Valid representations, canonical representations, and what the SW needs from the Web... from Patrick.Stickler@nokia.com on 2003-01-31 (www-tag@w3.org from January 2003)

From: <Patrick.Stickler@nokia.com>
Date: Fri, 31 Jan 2003 10:20:05 +0200
To: <sandro@w3.org>
Cc: <www-tag@w3.org>
Message-ID: <A03E60B17132A84F9B4BB5EEDE57957B5FBAEF@trebe006.europe.nokia.com>
Apologies in advance for the lengthy post, and appreciation for
those having the patience to read it... 


> -----Original Message-----
> From: ext Sandro Hawke [mailto:sandro@w3.org]
> Sent: 30 January, 2003 21:46
> To: Stickler Patrick (NMP/Tampere)
> Cc: www-tag@w3.org
> Subject: Re: RDDL and XML Schema instances are not valid 
> representations
> of namespaces 
> 
> 
> 
> > If an HTTP GET returns a representation of a resource, and RDDL or
> > XML Schema instances are considered valid representations of an
> > XML Namespace, then I see no useful value to the concept of 
> > representation, since there apparently are no bounds as to what it
> > might be, and very well might be random.
> 
> Indeed....
> 
> Each URI string can be used to point to several different things. 

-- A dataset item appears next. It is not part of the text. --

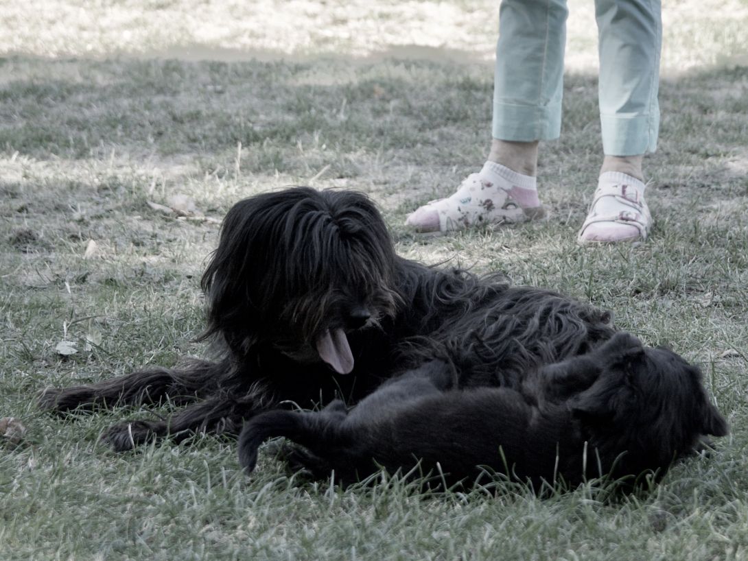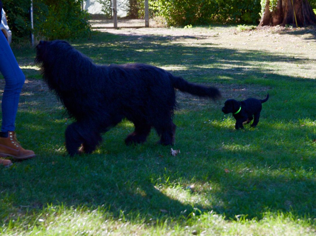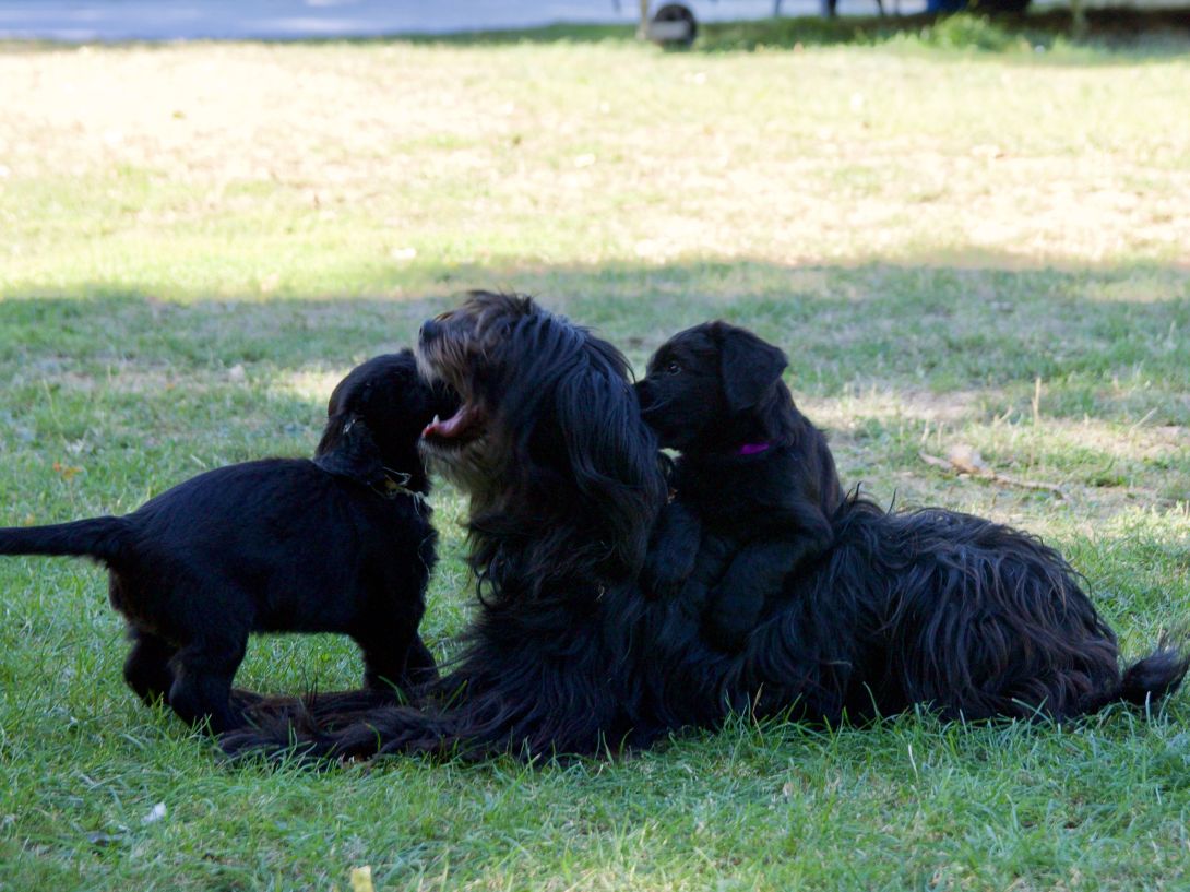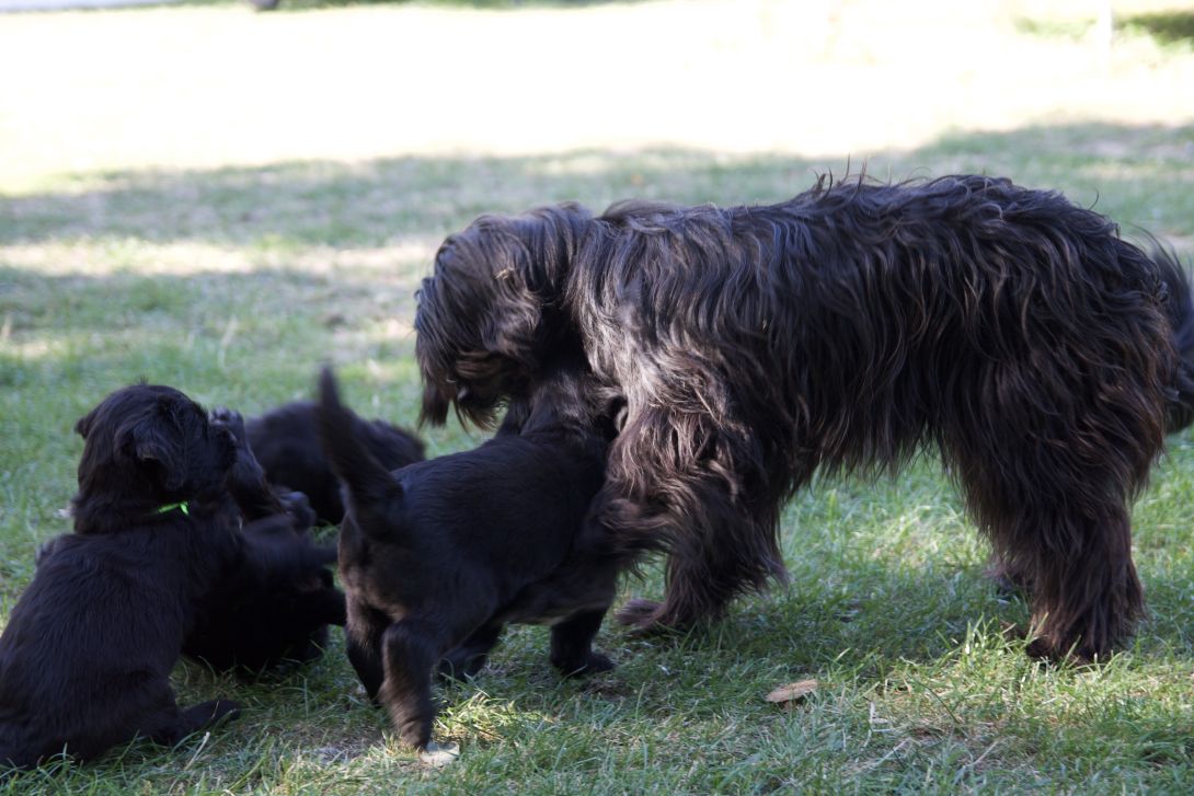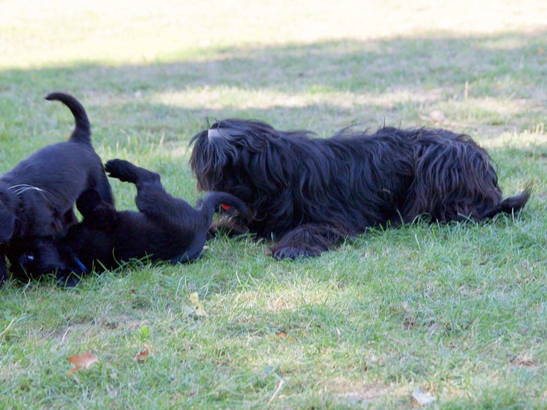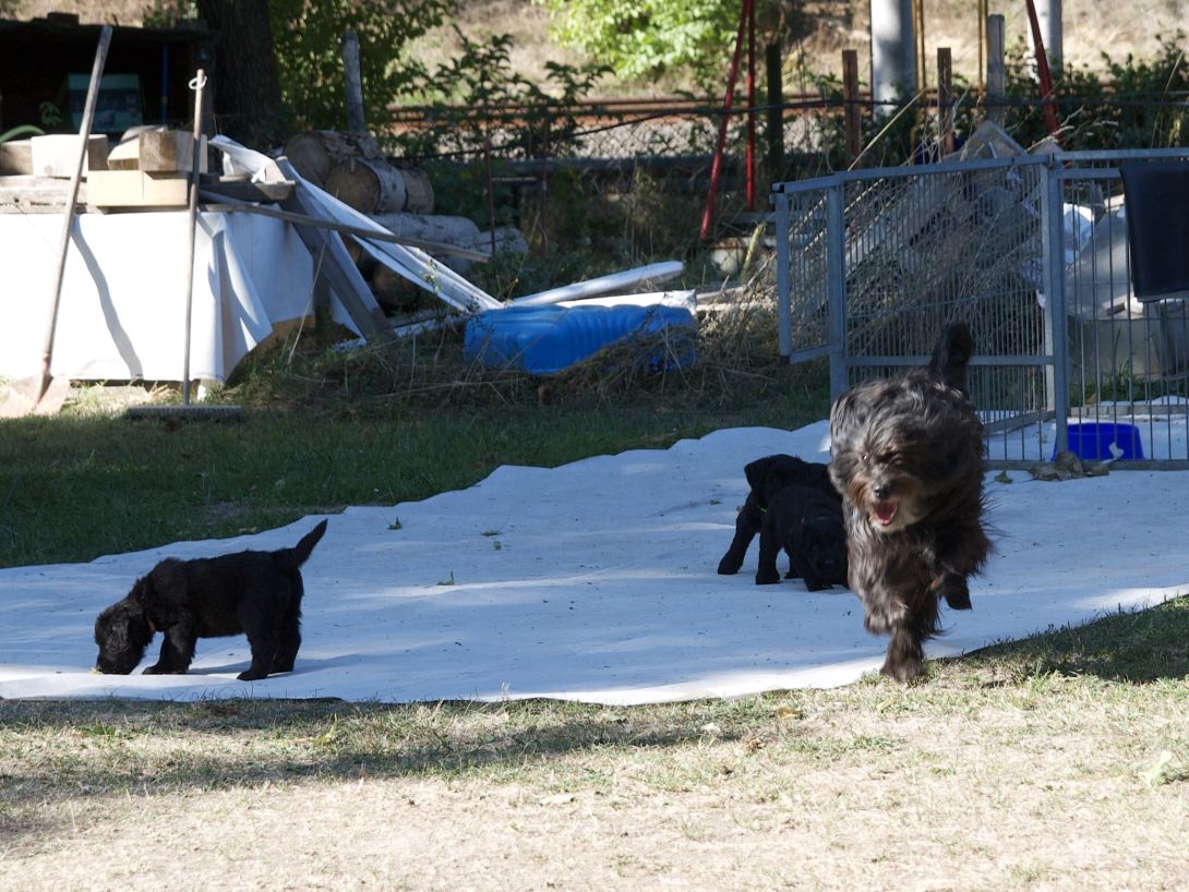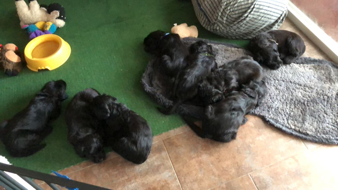 Happy war auch dabei, allerding fand Sie es nicht so toll, dass wir an ihre Zitzen wollten.Besuch war auch wieder dabei und Sie fanden uns richtig toll. Einer unserer Brüder darf dann in den Taunus ziehen und als Reitbegleithund Karriere machen. Wir bekommen nun zur Muttermilch auch zwei Fleischmahlzeiten und eine Breimahlzeit, was uns richtig gut schmeckt.Zu Hause angekommen, mußten wir erst einmal eine Runde schlafen

If you mean indirectly, fine, but not directly. I am very much
opposed to the view that a URI can contextually denote different
resources.

The only mechanism the even remotely resembles contexts in the
present Web architecture are XML Namespaces, which of course are
opaque to RDF and in fact to most Web applications.

And though I agree that URIs can be used to indirectly refer to
multiple resources, I consider that out of scope for this discussion.

What I am focusing on here is (a) a URI denotes one single thing and
(b) if that URI is meaningful to HTTP, there are no well defined
boundaries on how far a "representation" returned by HTTP can diverge
from the inherent characteristics of that single denoted resource.

From what I can see, a representation need not embody *any* characteristics
of the resource itself, but can be any arbitrary content. I consider
that to constitute a complete breakdown in any real interface
between the Semantic Web and the Web since what is denoted by the
former has no reliable representation by the latter.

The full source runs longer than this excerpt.